Communicate about HIV status and testing
Always ask about your sexual partner’s HIV status, and be open about your HIV status and when you were last tested for HIV and other STIs. Do not presume anything!
If someone has HIV, ask about their viral load. If it is not measurable, HIV cannot be transmitted. If the viral load is detectable, it is even more important to protect yourself (PrEP/condom).
Communication is easier at smaller sex parties (with acquaintances) than at larger, more anonymous parties, where new sexual partners join in regularly. As such, it is best only to use chems with sexual partners you know and with whom you also have a good rapport without chems.

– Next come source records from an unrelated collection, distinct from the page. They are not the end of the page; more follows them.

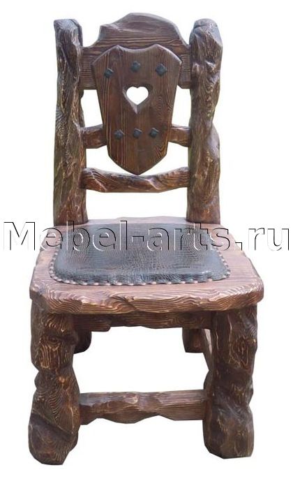Стул из массива дерева – надежный и крепкий. Он сделан из натуральной сосны, фактура которой подчеркнута брашированием и тонировкой. Он выглядит нарочито грубым, ножки, спинка и сидение – неровные, но все неровности тщательно отшлифованы, а значит, сидеть на нем удобно. Сидение комбинированное – с мягкой серединой, обитой кожей с декоративными гвоздиками. спинка – деревянная, с декоративным щитом, в котором вырезан значок карточной масти.
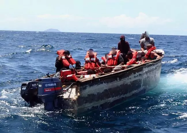 Los guardacostas detuvieron la embarcación sospechosa, a bordo de la cual viajaban 14 migrantes, 11 hombres y tres mujeres, que afirmaron ser nacionales de la República Dominicana.
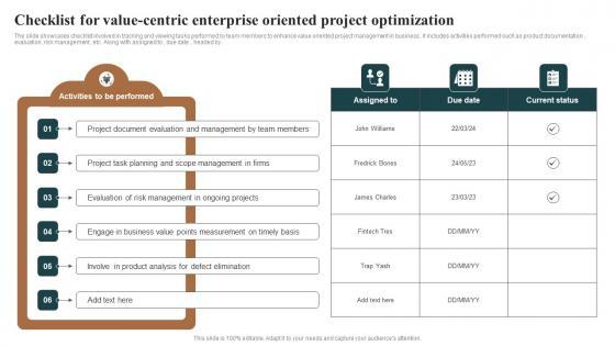 The slide showcases checklist involved in tracking and viewing tasks performed by team members to enhance value oriented project management in business . it includes activities performed such as product documentation , evaluation ,risk management , etc. Along with assigned to , due date , headed by . Showcasing this set of slides titled Checklist For Value Centric Enterprise Oriented Project Optimization Inspiration Pdf. The topics addressed in these templates are Team Members, Project Document Evaluation, Management. All the content presented in this PPT design is completely editable. Download it and make adjustments in color, background, font etc. as per your unique business setting. The slide showcases checklist involved in tracking and viewing tasks performed by team members to enhance value oriented project management in business . it includes activities performed such as product documentation , evaluation ,risk management , etc. Along with assigned to , due date , headed by .
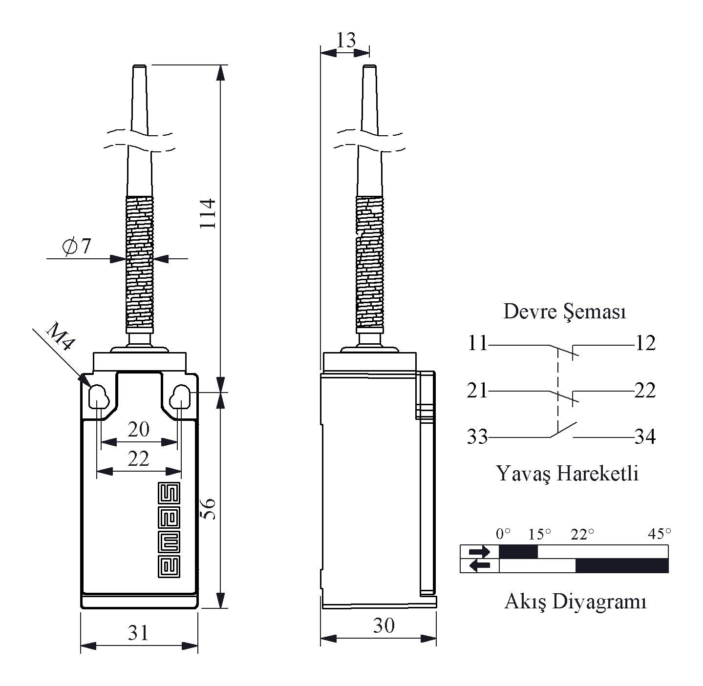 L5 Plastik Gövde 7 mm Sivri PLastik Uç Metal Yay Kol Yavaş Hareketli 1NO+2NC Sınır Şalter
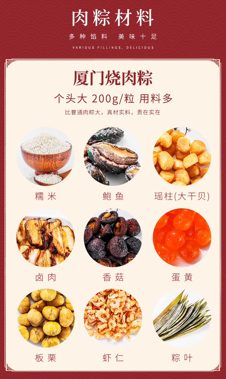 【云优选】厦门1980烧肉粽 鲍鱼瑶柱粽200g*4个手提袋装配4包甜辣酱
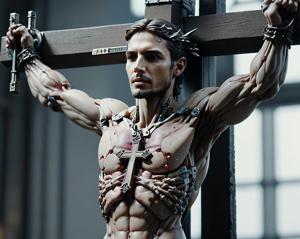 The image displays a detailed white stone male statue with a classic oil paint aesthetic, set against a striking red background adorned with intricate patterns. The statue's back is lined up perfectly, showcasing the artistry involved in the sculpture.

If someone says they do not have HIV, be aware that they may still have recently contracted HIV. A standard HIV test usually cannot detect infections from less than three weeks ago. Most HIV infections are transmitted by people who were recently infected. They often do not even know they have HIV.
Be sure to protect yourself if someone says they think they are HIV-negative.

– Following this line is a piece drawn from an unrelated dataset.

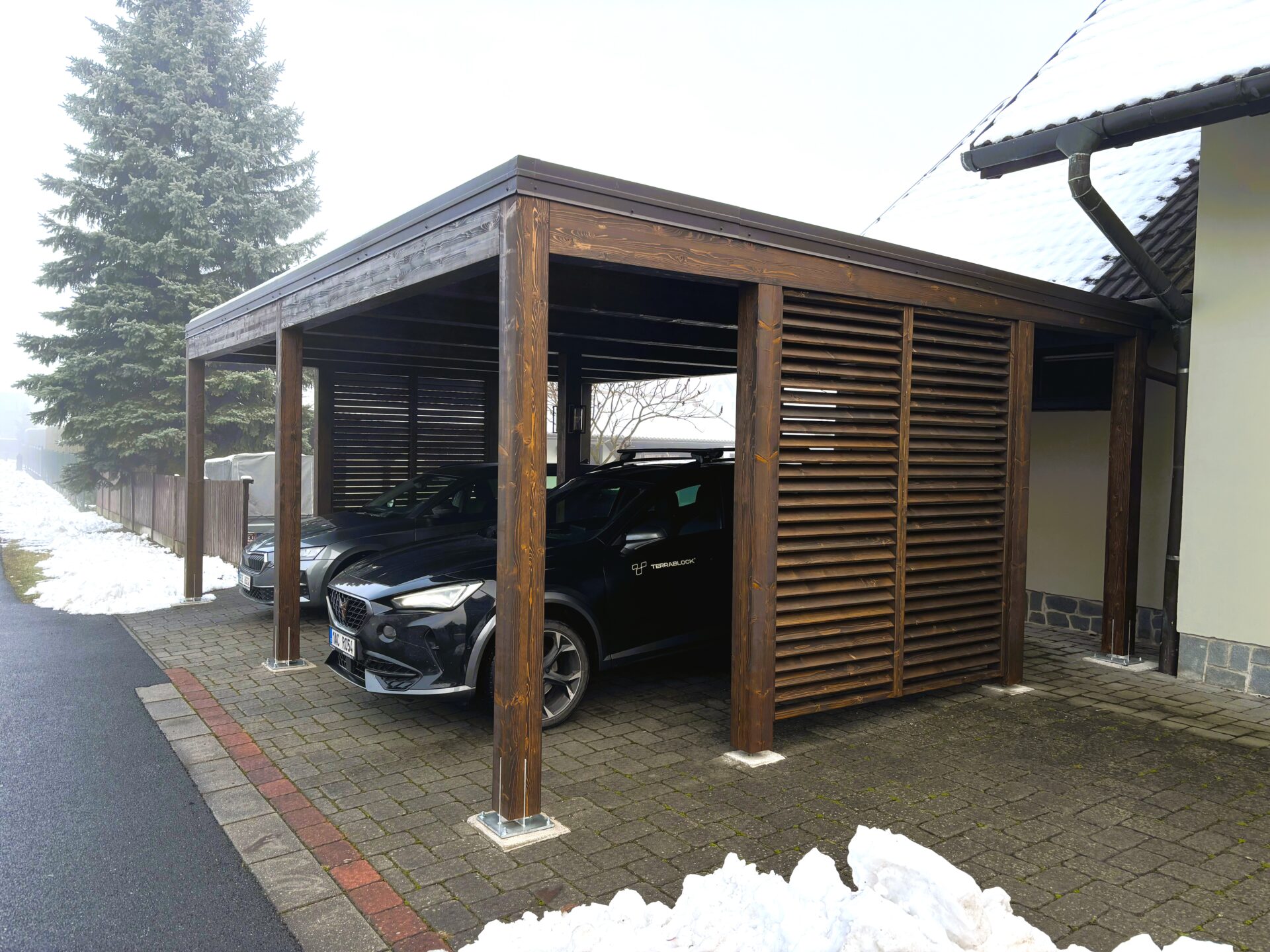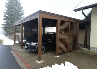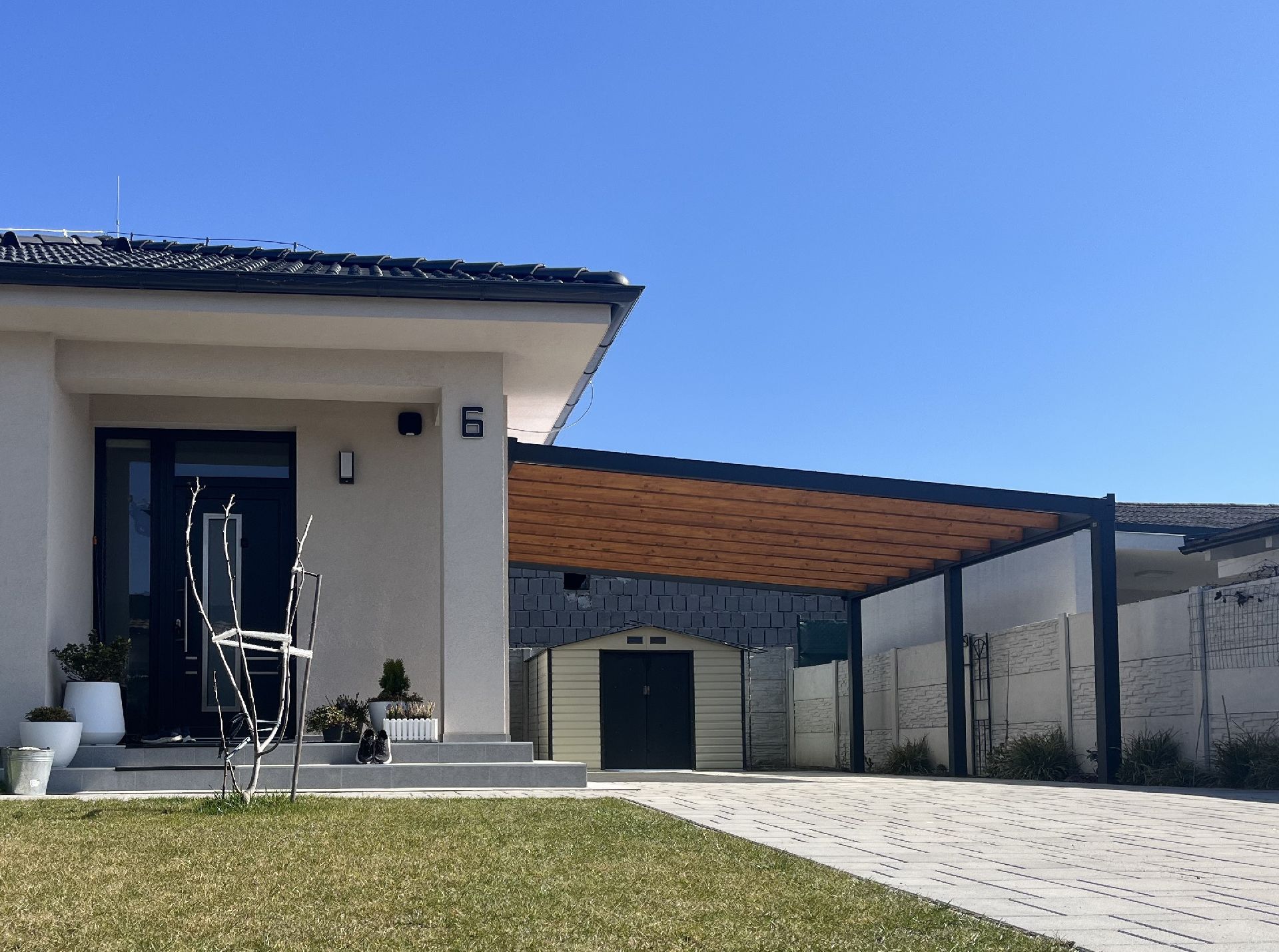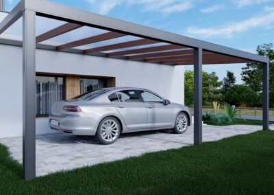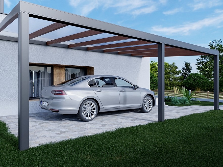 Ďalší moderný a vysoko funkčný prvok z našej ponuky je takzvaný „carport“. Vaše auto dostatočne ochráni nielen pred prudkým letným slnkom, ale aj pred dažďom, snehom alebo krúpami. V rôznych variantoch prevedenia z hliníku, dreva alebo v kombinácii oboch materiálov je možné vytvoriť aj dizajnovo a konštrukčne náročnejšie predstavy. Prevažne sa v tomto prípade jedná o väčšiu stavbu, preto je potrebné pevné osadenie celej konštrukcie k podkladu, ako aj správne ukotvenie k existujúcej stavbe.

If someone says they get tested every three months, they are often more serious about rapid STI detection. Asking your sexual partner about their testing behaviour gives you a better idea of who you are dealing with. If your sexual partner does not warn you about an STI, they do not take their health seriously.
Make things as easy for yourself as possible. Mention your HIV status and how often you test for STIs in profile texts on dating apps, or discuss it while chatting.